── Extracted data

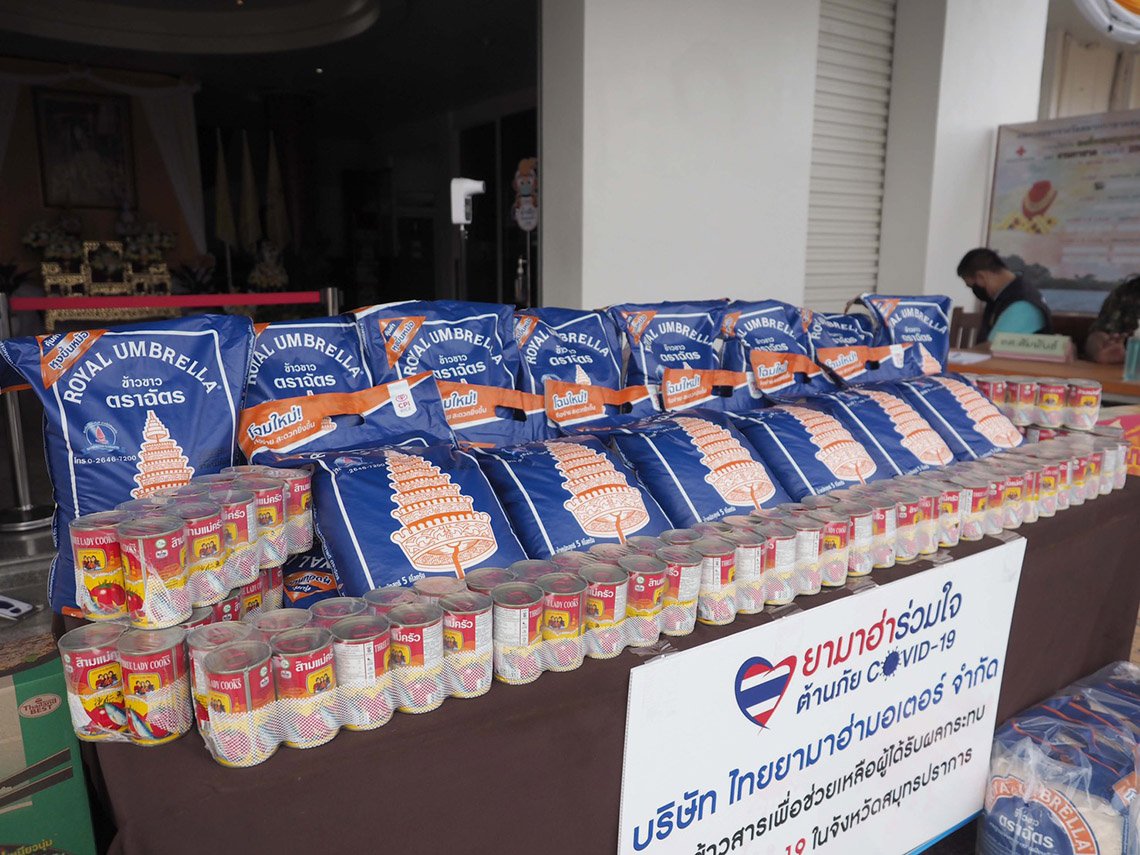 นายสุรชัย เพชรพงษ์ ผู้จัดการทั่วไป ฝ่ายธุรการทั่วไป บริษัท ไทยยามาฮ่ามอเตอร์ จำกัด ถ่ายภาพร่วมกับนายวันชัย คงเกษม ผู้ว่าราชการจังหวัดสมุทรปราการ ในการส่งมอบ ข้าวสารจำนวน 2,000 กิโลกรัม ปลากระป๋อง จำนวน 200 กระป๋อง บะหมี่กึ่งสำเร็จรูป 900 ซอง ไข่ไก่ 1,000 ฟอง และนมกล่อง จำนวน 360 กล่อง เพื่อส่งต่อให้กาชาดจังหวัดสมุทรปราการ ดำเนินการจัดเตรียมใส่ถุงยังชีพและแจกจ่ายให้กับประชาชนในพื้นที่สมุทรปราการ ที่ได้รับผลกระทบจากไวรัสโควิด-19 ได้ใช้ยังชีพยามวิกฤติ
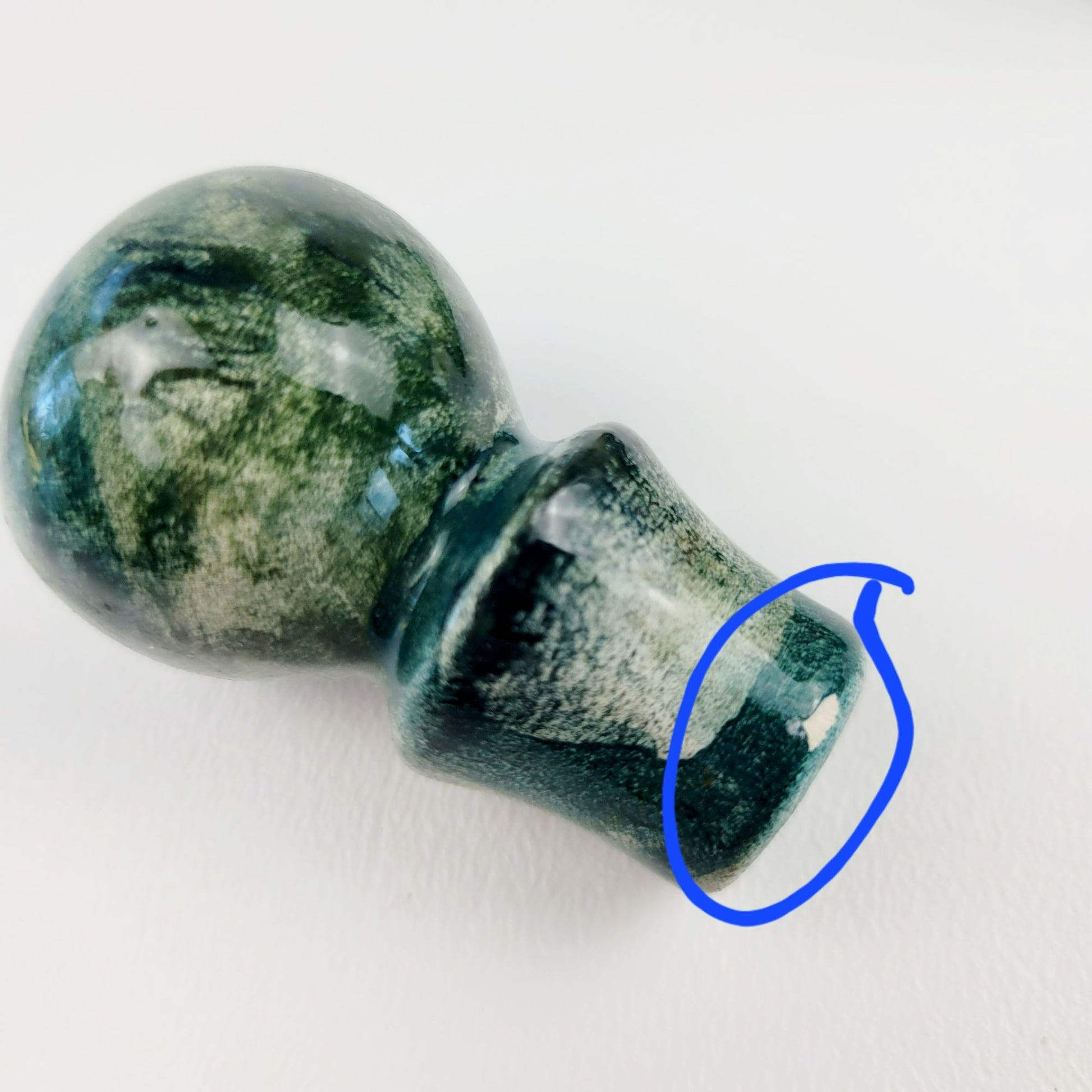 Jug is in overall good condition with no chips, there is one minor hairline cracks where the handle and jug meet (see photo). Stopper has a small chip out of the bottom (see photo), this can not be seen when stopper is in jug.
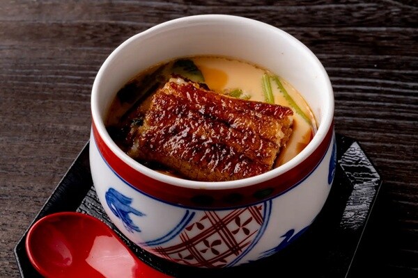 「茶碗蒸し」1,200円(税込)は、ふっくらと焼き上げた「鰻の蒲焼」を贅沢に乗せた梅田自慢の茶碗蒸しとなっている。
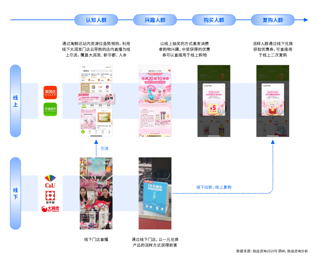 同时,包括大润发,新华都,人本等线下商超在内的云导购不断进行店内直播造势,为线上引流,转化淘鲜达配送范围内的潜在消费者。最终,通过线下一元小样派发及新客优惠券,打通派样人群线上复购链路。
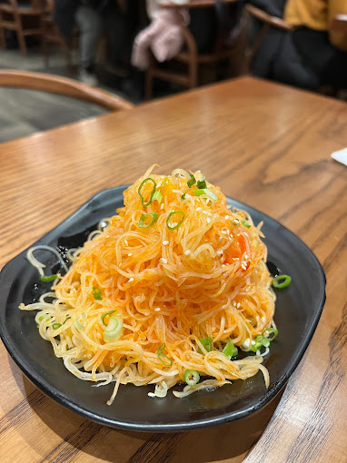 Yunshang Rice Noodle is a fast-casual Chinese restaurant specializing in Yunnan-style rice noodle soups. Their signature dish, "Crossing-the-Bridge" rice noodles, features a rich broth simmered for over 12 hours, served with fresh meats and vegetables cooked tableside, followed by silky rice noodles. The menu offers a variety of bold flavors, including spicy & sour beef with enoki mushrooms, tomato-based broths, and Sichuan-style options. Dine-in guests enjoy unlimited rice noodle refills, making it a popular spot for hearty, customizable meals.
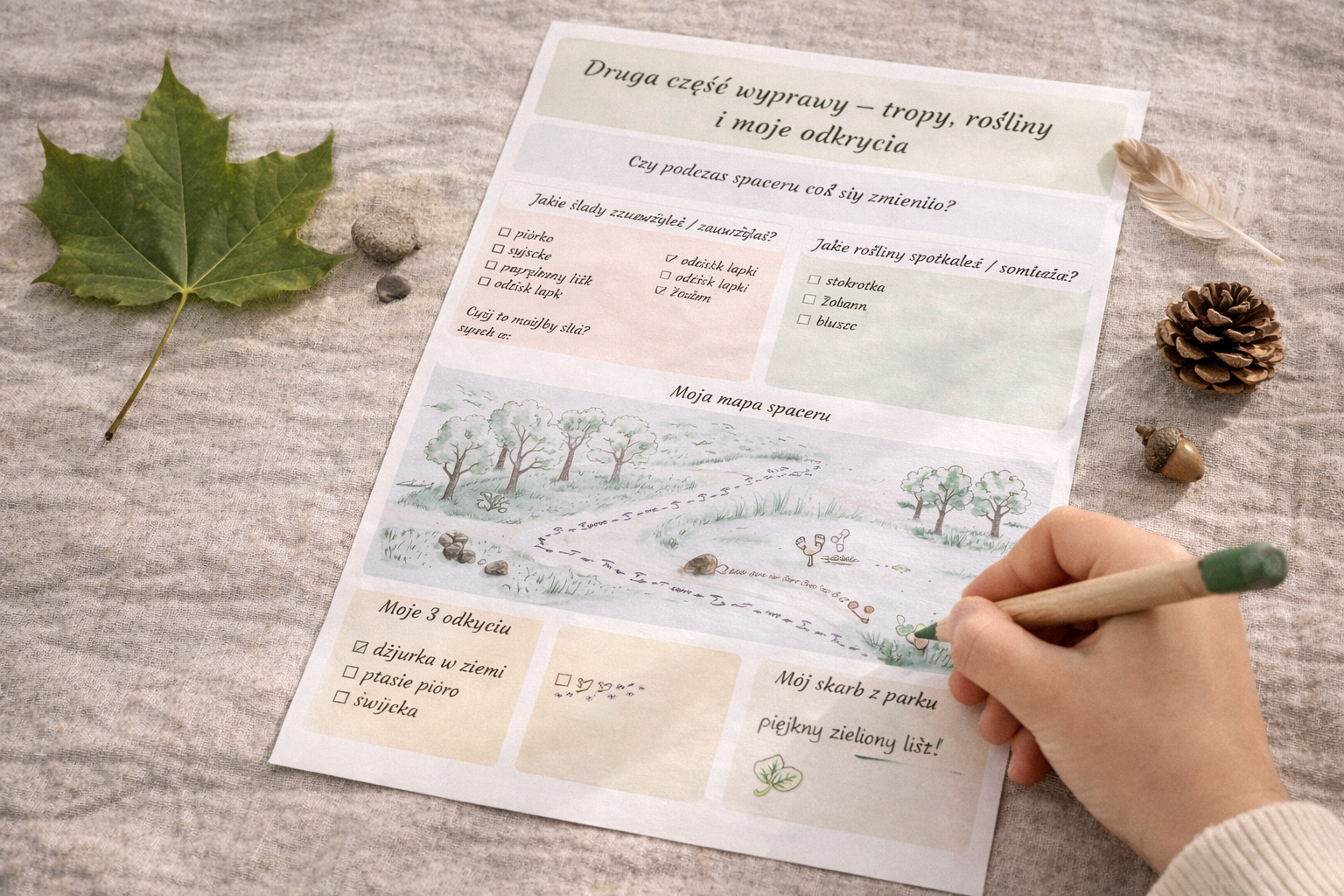 To nie jest zwykła karta do odhaczania. To zaproszenie do patrzenia, słuchania, wąchania, porównywania, rysowania i opowiadania o świecie. Dziecko obserwuje pogodę, dźwięki, zapachy, ptaki, liście, ślady w terenie, rośliny i własne odkrycia, a przy okazji ćwiczy koncentrację, spostrzegawczość i uważność. 🍃👀🗺️

────

■ Exercise description
Everything in the material above should be reproduced exactly, except the pictures.

■ Written response
 นายสุรชัย เพชรพงษ์ ผู้จัดการทั่วไป ฝ่ายธุรการทั่วไป บริษัท ไทยยามาฮ่ามอเตอร์ จำกัด ถ่ายภาพร่วมกับนายวันชัย คงเกษม ผู้ว่าราชการจังหวัดสมุทรปราการ ในการส่งมอบ ข้าวสารจำนวน 2,000 กิโลกรัม ปลากระป๋อง จำนวน 200 กระป๋อง บะหมี่กึ่งสำเร็จรูป 900 ซอง ไข่ไก่ 1,000 ฟอง และนมกล่อง จำนวน 360 กล่อง เพื่อส่งต่อให้กาชาดจังหวัดสมุทรปราการ ดำเนินการจัดเตรียมใส่ถุงยังชีพและแจกจ่ายให้กับประชาชนในพื้นที่สมุทรปราการ ที่ได้รับผลกระทบจากไวรัสโควิด-19 ได้ใช้ยังชีพยามวิกฤติ
 Jug is in overall good condition with no chips, there is one minor hairline cracks where the handle and jug meet (see photo). Stopper has a small chip out of the bottom (see photo), this can not be seen when stopper is in jug.
 「茶碗蒸し」1,200円(税込)は、ふっくらと焼き上げた「鰻の蒲焼」を贅沢に乗せた梅田自慢の茶碗蒸しとなっている。
 同时,包括大润发,新华都,人本等线下商超在内的云导购不断进行店内直播造势,为线上引流,转化淘鲜达配送范围内的潜在消费者。最终,通过线下一元小样派发及新客优惠券,打通派样人群线上复购链路。
 Yunshang Rice Noodle is a fast-casual Chinese restaurant specializing in Yunnan-style rice noodle soups. Their signature dish, "Crossing-the-Bridge" rice noodles, features a rich broth simmered for over 12 hours, served with fresh meats and vegetables cooked tableside, followed by silky rice noodles. The menu offers a variety of bold flavors, including spicy & sour beef with enoki mushrooms, tomato-based broths, and Sichuan-style options. Dine-in guests enjoy unlimited rice noodle refills, making it a popular spot for hearty, customizable meals.
 To nie jest zwykła karta do odhaczania. To zaproszenie do patrzenia, słuchania, wąchania, porównywania, rysowania i opowiadania o świecie. Dziecko obserwuje pogodę, dźwięki, zapachy, ptaki, liście, ślady w terenie, rośliny i własne odkrycia, a przy okazji ćwiczy koncentrację, spostrzegawczość i uważność. 🍃👀🗺️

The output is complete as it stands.